Малфой смотрел на нее несколько секунд. — МакМиллан спрашивал, свободна ли ты принять патруль префекта?

Гермиона коротко кивнула. — Он Староста, а я ни с кем не состою в отношениях. Так что…

Малфой выглядел так, словно проглотил что-то не съедобное, впадины его щек порозовели, но он не двигался и молчал. Гермиона поправила шарф, натянула вязаную шапочку на уши и прошла мимо него, не сказав больше ни слова.

Она патрулировала Хогсмид, наблюдая за хихикающими парочками и стараясь не закатывать глаза. Влюбленность – это хорошо, но разве нужно все время улыбаться, как маньяки? Все равно День Святого Валентина – дурацкий праздник.

Тьфу. Она говорила как обиженная, старая дева. Интересно, смирится ли Живоглот, если она заведёт еще кошек? Она в этом сомневалась.

Потом Гермиона заметила Малфоя, одиноко крадущегося возле Трех Метел. Это значительно улучшило ее настроение, когда она притворилась, что не видит его. Она остановилась, пройдя мимо него в третий раз.

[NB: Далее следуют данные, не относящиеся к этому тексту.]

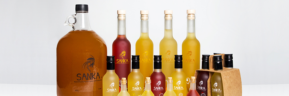 Sanka ofrece a sus clientes una variedad de macerados de diferentes sabores agradables para preparar ricos tragos y amenizar reuniones entre amigos o familiares. Sus piscos contienen 10 kilos de uva por litro y las frutas que utiliza son de la mejor calidad.
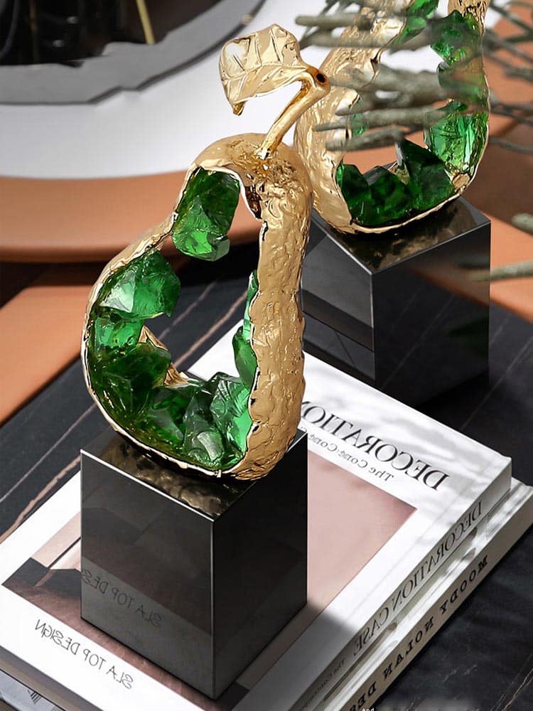 Mô hình này có thể được sử dụng để trang trí bàn trà, bàn tiếp khách hoặc những khu vực khác trong phòng khách, tạo nên sự sang trọng và độc đáo. Chất liệu của mô hình gồm pha lê, hợp kim và quặng, mang lại sự kết hợp hoàn hảo giữa sự quý phái của pha lê, độ bền của hợp kim và sự tự nhiên, độc đáo của quặng.
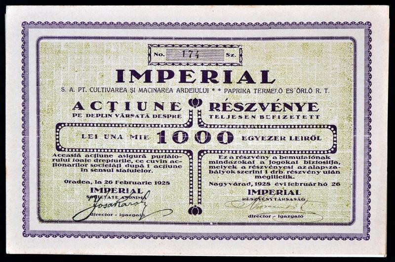 Leírás: Nagyvárad 1928. Imperial Paprika Termelő és Őrlő R.t. részvénye 1000L-ről szelvényekkel

— Ты что-то хочешь сказать? - спросила она резким голосом.

Последовала пауза.

— Нет, - наконец ответил он.

Ее сердце сжалось, но она кивнула. — Я так и думала.

Гермиона отвернулась. — Постарайся вернуться в замок до комендантского часа.

— Грейнджер…

Она остановилась, сердце почти бешено колотилось, когда она оглянулась.

Малфой уже выглядел так, как будто жалел, что заговорил. Она стояла, выжидающе глядя на него, а он стоял и молчал, и в груди у нее была какая-то пустота.

Что ж, она закончила говорить за них обоих. Если он считает себя вправе дуться и ходить за ней по пятам, то при случае ему бы тоже следовало разговаривать.

Ему ведь всегда было что сказать, когда он хотел ее смерти.

Ее желудок скрутило.

Молчание все тянулось и тянулось, а Малфой просто продолжал стоять с закрытым окклюменцией выражением лица, очевидно, решив снова притвориться немногословным и что вообще ничего не сказал.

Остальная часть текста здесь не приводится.